### What needs to be done:
Type the listing below out again exactly. No images.

### Data shown:
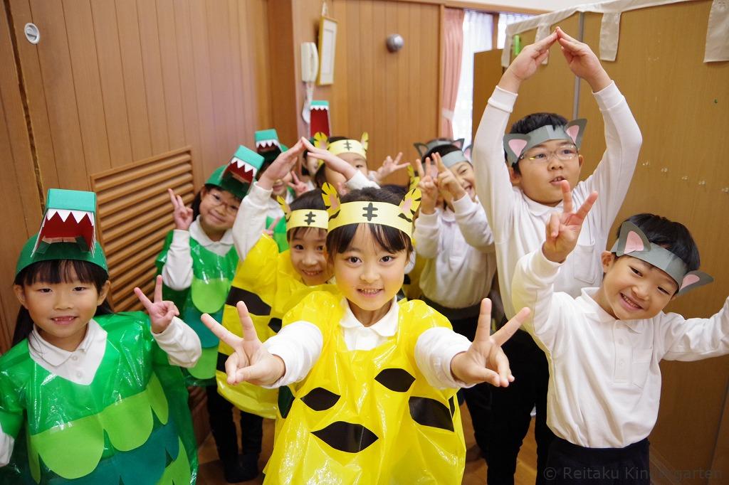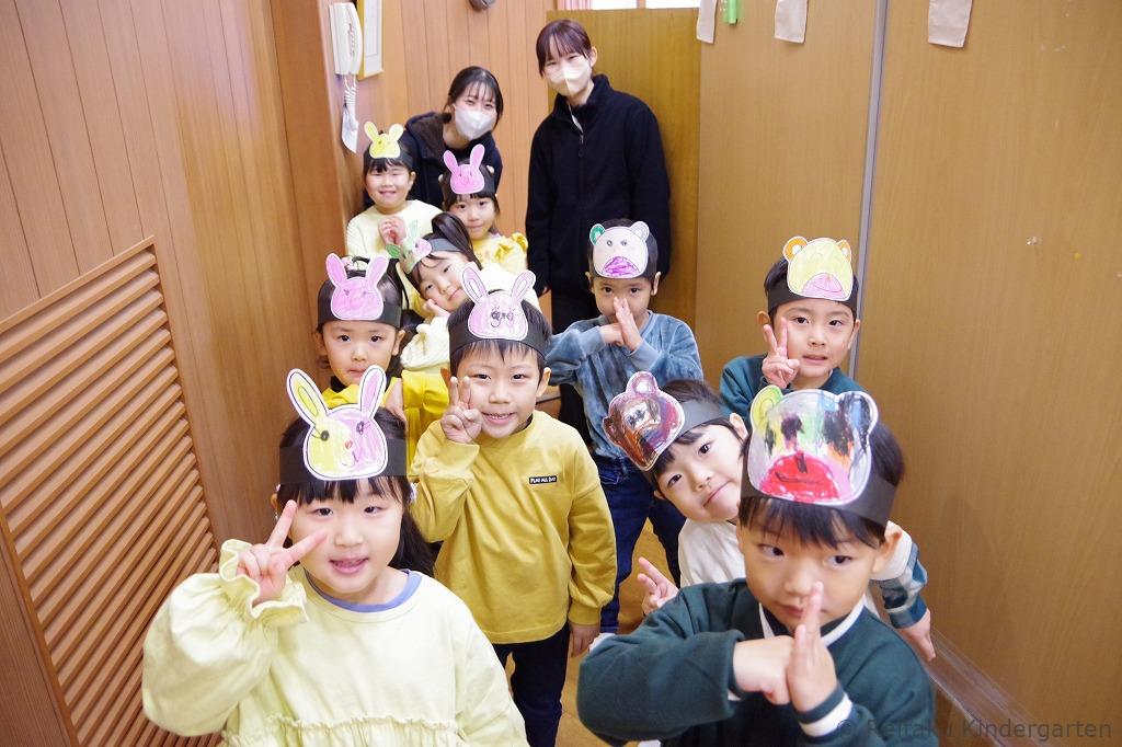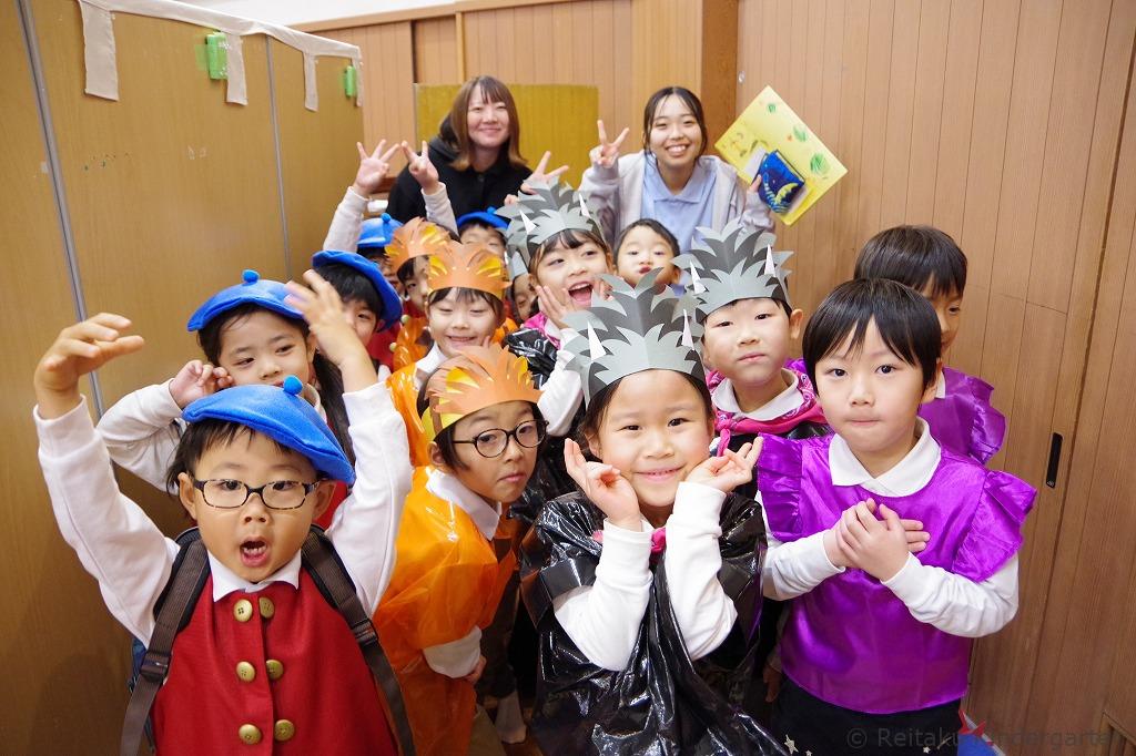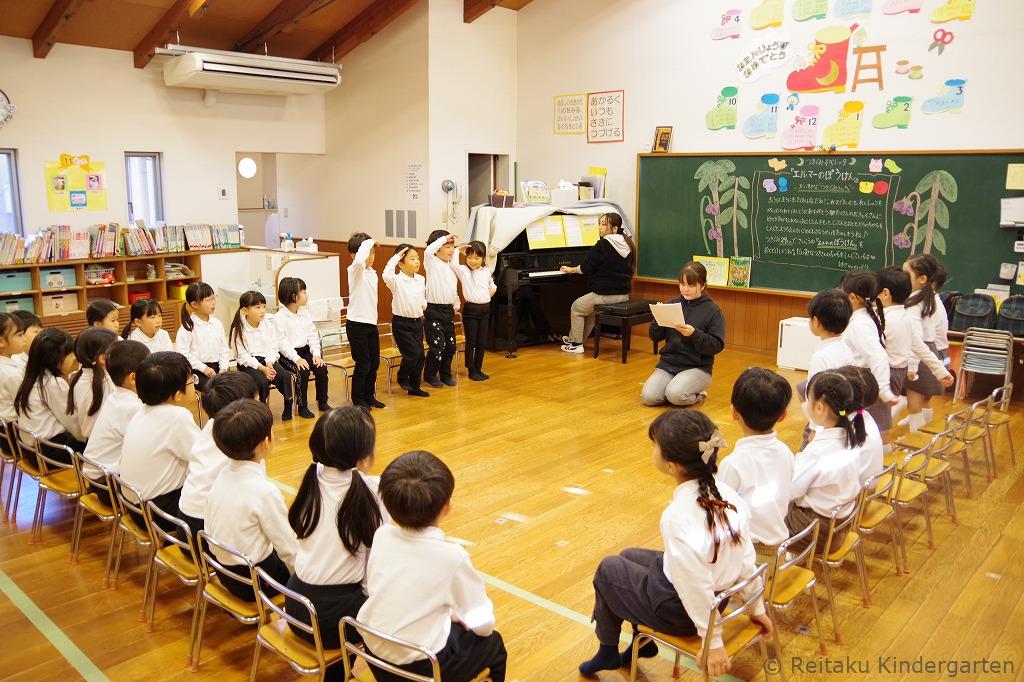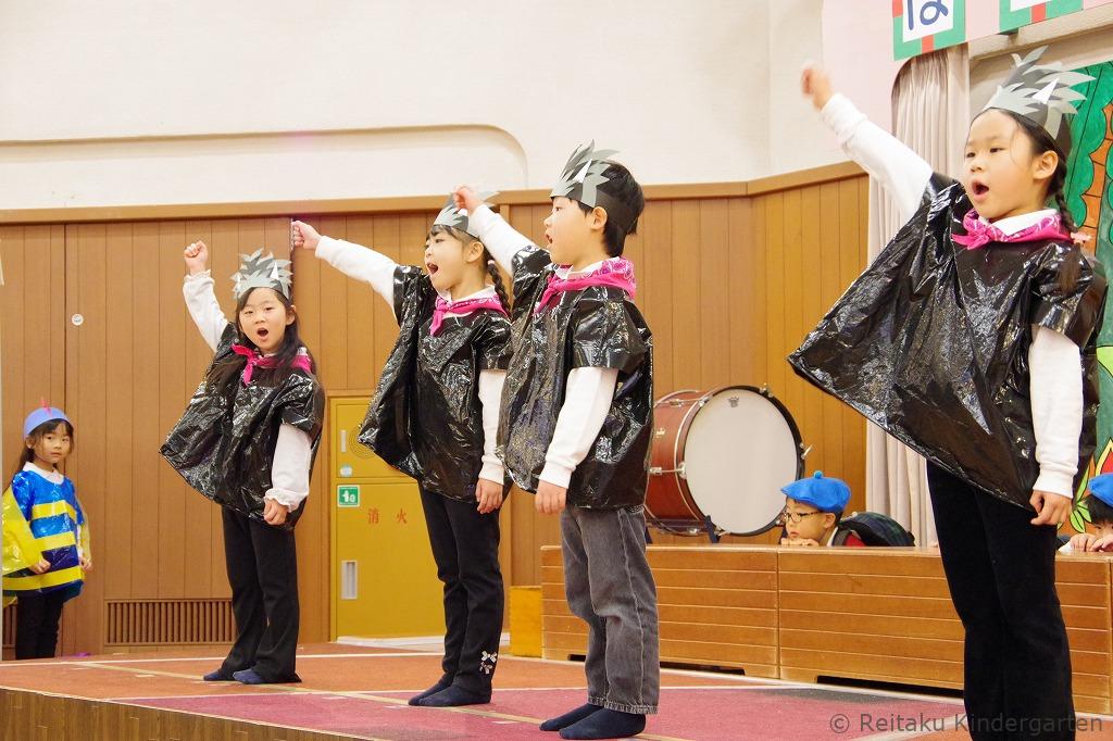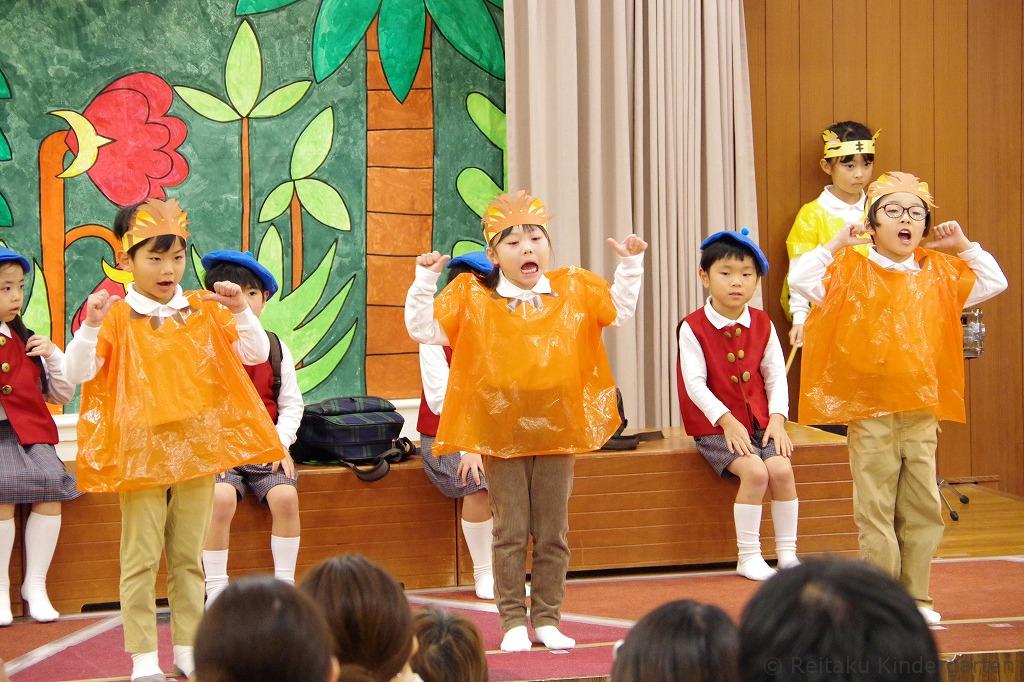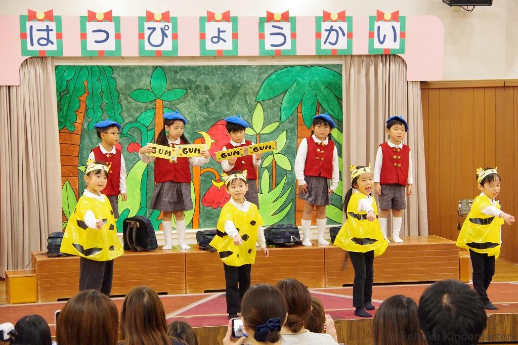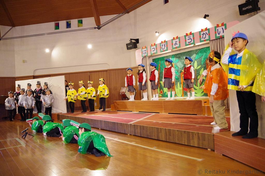 ぱんだ組は「のんびりトレイン」の表現遊び、さくら組は「たからものみつけた!」の劇遊び、つき組は「エルマーの冒険」のオペレッタを発表しました。
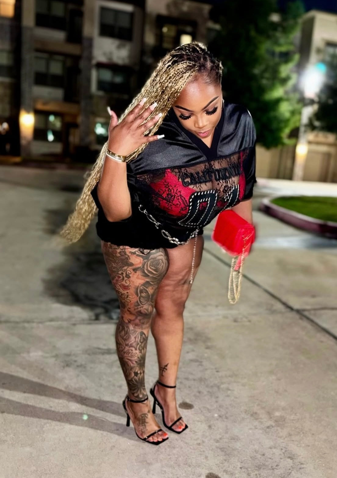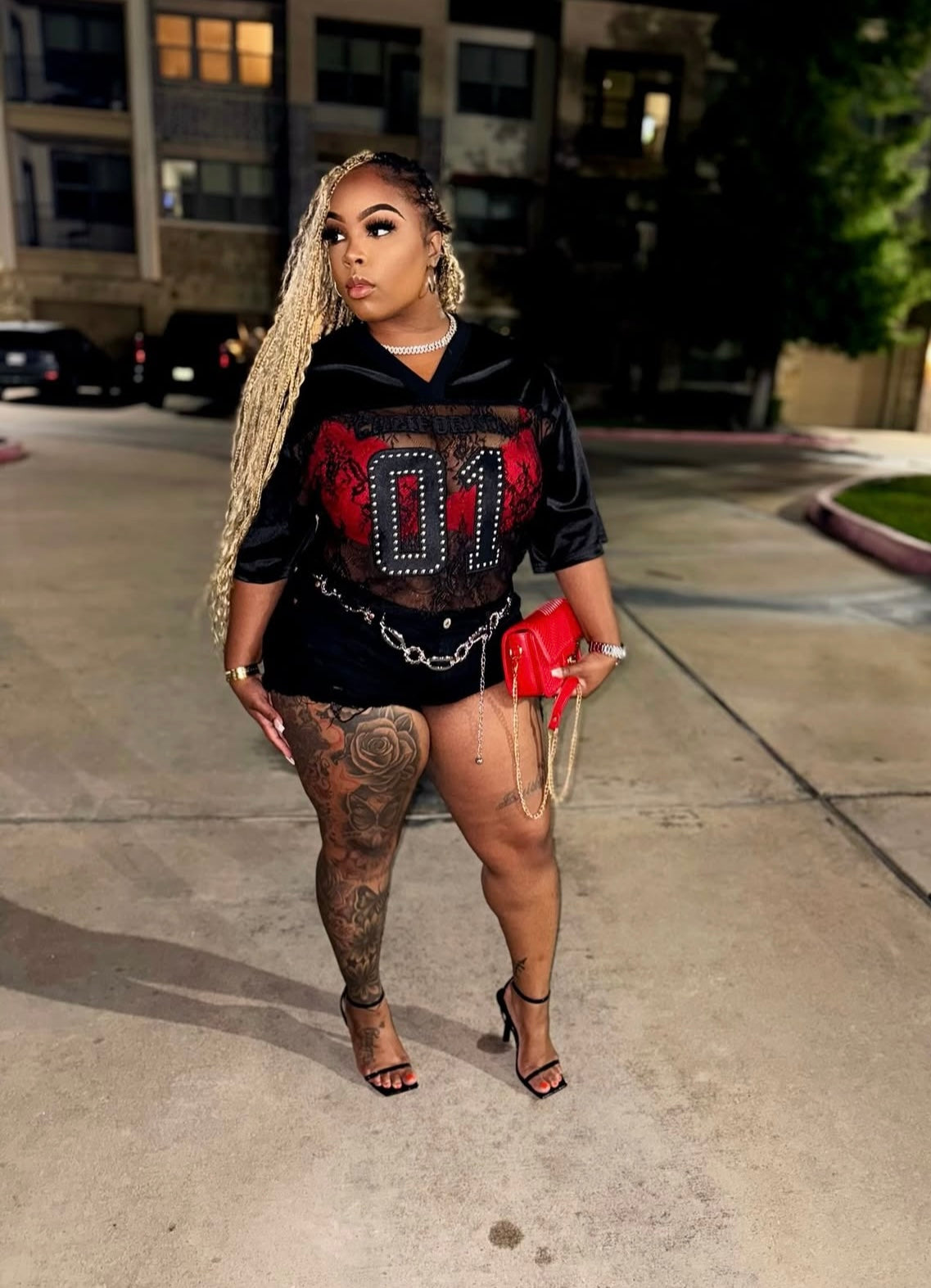 Oversized short sleeve lace v-neck top featuring rhinestone detais
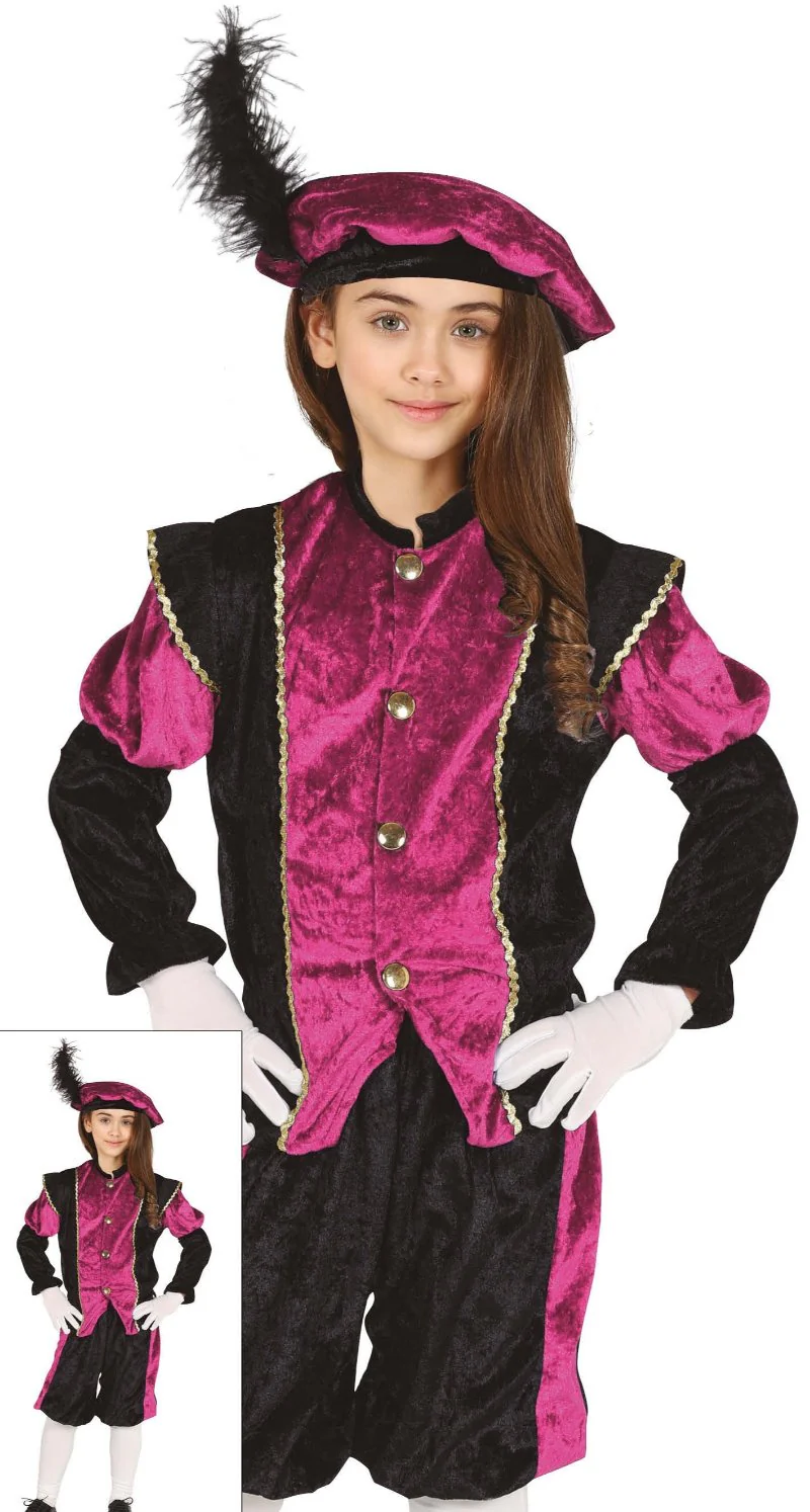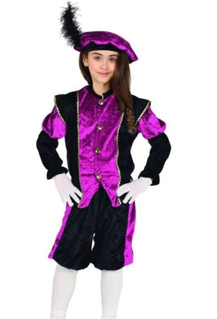Wil je een echt Pietenpakje met mooie pietenkleuren voor kinderen, dan is de paarse een goede optie. Dit pakje is geschikt voor zowel jongens als voor meisjes en bestaat uit de jas, broek en baret.

### Answer to this task:
 ぱんだ組は「のんびりトレイン」の表現遊び、さくら組は「たからものみつけた!」の劇遊び、つき組は「エルマーの冒険」のオペレッタを発表しました。
 Oversized short sleeve lace v-neck top featuring rhinestone detais
Wil je een echt Pietenpakje met mooie pietenkleuren voor kinderen, dan is de paarse een goede optie. Dit pakje is geschikt voor zowel jongens als voor meisjes en bestaat uit de jas, broek en baret.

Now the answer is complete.